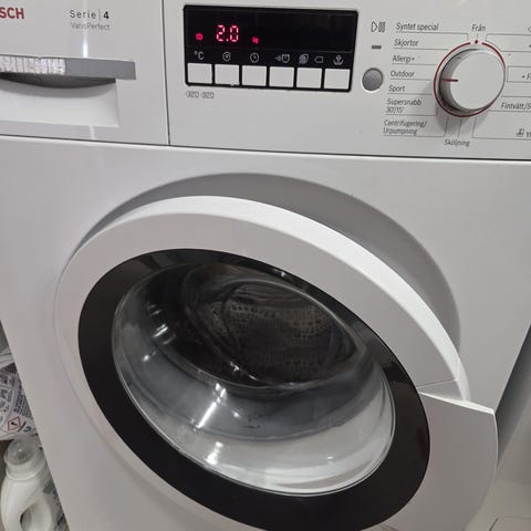 Bosch frontmatad tvättmaskin i vit färg. Modellen är en standardstor maskin med frontlucka och digital display. Maskinen har programväljare med flera tvättprogram och tydlig panel för inställning av temperatur och centrifugering. Passar för installation i badrum eller tvättstuga under bänk eller i kombination med torktumlare ovanpå. Lämlig för normal hushållstvätt av kläder, handdukar och sängkläder.
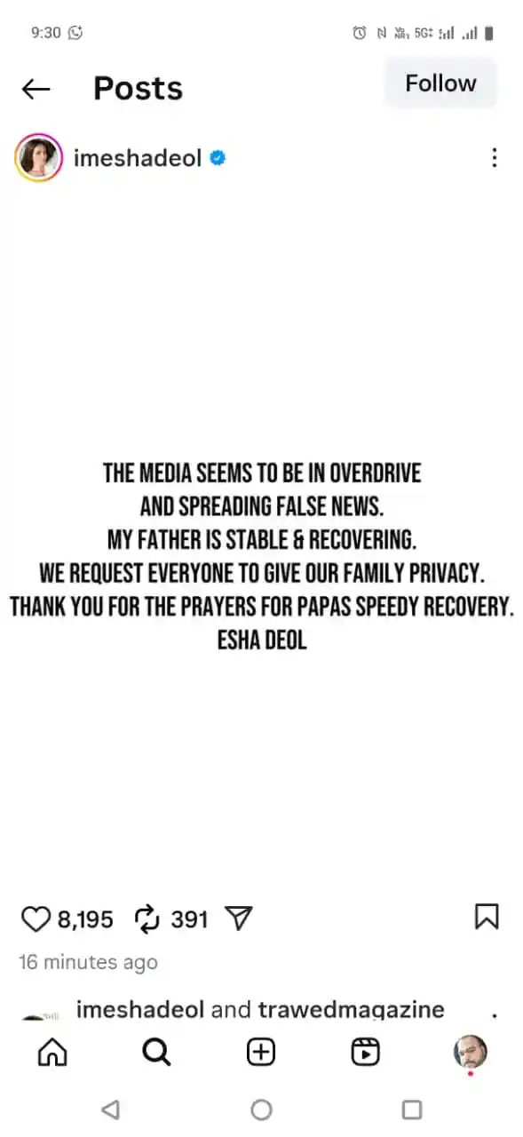 Actor Dharmendra :ईशा देओल ने सोशल मीडिया पर ट्विट कर लिखा कि,'मेरे पिताजी की हालत स्थिर है और उनकी हालत में सुधार हो रहा है। बता दें कि धर्मेंद्र के निधन की खबरें लगातार वायरल हो रही है...
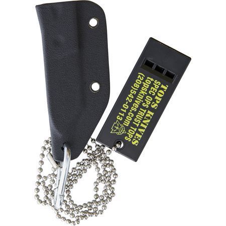 Model/Item/Part - TPCHI01. TOPS Knives - Chico Fixed Black Traction Coating Blade Knife with Carbon Steel Construction. 4.5" overall. 2" carbon steel blade. One piece 1095 carbon steel construction with black traction coating. Carabiner style clip and ball chain lanyard. Also comes with LED mini flashlight. Black Kydex neck sheath. Bulk packed. Made in USA.
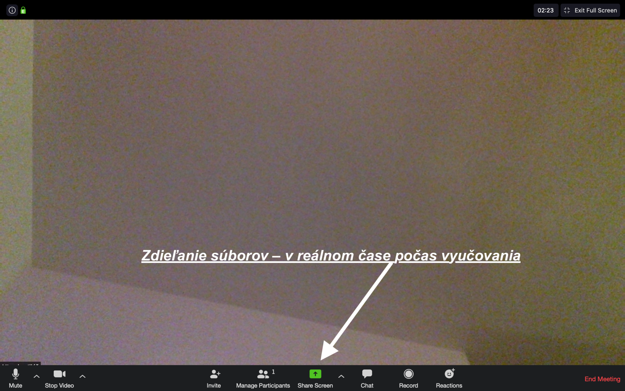 Vy im takto môžete v priamom prenose ukazovať, čo majú robiť, vysvetľovať im, čo je na obrázkoch a pod. Týmto spôsobom môžete zdieľať akýkoľvek súbor, spustiť video a pod. Ak kliknete na zdieľanie webového prehliadača, tak môžete navštíviť akúkoľvek webovú stránku, ktorú uvidia aj žiaci a ukázať im všetko čo potrebujete. Jednoduché, praktické a rýchle. Dostupné sú aj rôzne anotácie (úpravy), takže viete priamo na obrazovku zadávať text, kresliť, označovať a pod. V neposlednom rade viete zdieľať aj čistú bielu tabuľu, kde zadávate text, kreslíte a pod. Takto sa dá vyučovať akýkoľvek predmet. Ak potrebujete využiť textovú komunikáciu, tak kliknite na položku „chat“ a môžete písať správy celej skupine alebo jednotlivcom. Nad textovým polom je položka „To:“, na ktorú keď kliknete, tak sa vám zobrazia jednotlivé mená – kliknutím na niektoré z nich píšete danej osobe alebo zvoľte „everyone“ a píšte verejne, aby to videli všetci. Kliknutím na položku „manage participants“ vidíte, kto všetko je pripojený, a tiež môžete ako pedagóg premenovať jednotlivých žiakov (ak by tam mali popísané hlúposti), prípadne ich môžete stlmiť (vypnúť zvuk) alebo vypnúť video prenos – všetko jednotlivo. Viac toho na začiatok potrebovať nebudete, niekto si na to zvykne hneď, inému to potrvá dlhšie, no veríme, že si túto jednoduchú platformu rýchlo obľúbite – rovnako aj vaši žiaci. Na záver dodajme, že v bezplatnej verzii môže trvať jeden video hovor maximálne 40 minút, čo je plne dostačujúce. Po tomto čase hovor vypnete, dáte si napr. prestávku a opätovne začnete ďalšiu 40 minútovú hodinu. Opakovať ich môžete koľko budete chcieť. V nastaveniach sa dá zapnúť aj to, aby ste videli čas daného hovoru – podľa toho sa dá pekne orientovať.Podrobný návod pre žiakov/rodičov (všetky platformy). Ako sa pripojím k triede prostredníctvom video hovoru?
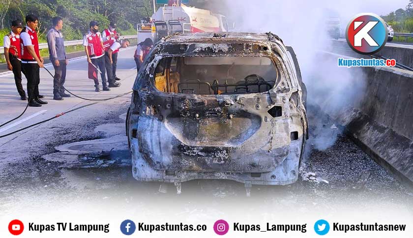 Tabrak Potongan Besi di Jalan Tol Lampung, Mobil Minibus Hangus Terbakar

....

Pictures should not appear in the copy. Write out exactly the lines above from the first one through the line that contains "Model/Item/Part - TPCHI01.".

● Reply to the exercise:
 Bosch frontmatad tvättmaskin i vit färg. Modellen är en standardstor maskin med frontlucka och digital display. Maskinen har programväljare med flera tvättprogram och tydlig panel för inställning av temperatur och centrifugering. Passar för installation i badrum eller tvättstuga under bänk eller i kombination med torktumlare ovanpå. Lämlig för normal hushållstvätt av kläder, handdukar och sängkläder.
 Actor Dharmendra :ईशा देओल ने सोशल मीडिया पर ट्विट कर लिखा कि,'मेरे पिताजी की हालत स्थिर है और उनकी हालत में सुधार हो रहा है। बता दें कि धर्मेंद्र के निधन की खबरें लगातार वायरल हो रही है...
 Model/Item/Part - TPCHI01. TOPS Knives - Chico Fixed Black Traction Coating Blade Knife with Carbon Steel Construction. 4.5" overall. 2" carbon steel blade. One piece 1095 carbon steel construction with black traction coating. Carabiner style clip and ball chain lanyard. Also comes with LED mini flashlight. Black Kydex neck sheath. Bulk packed. Made in USA.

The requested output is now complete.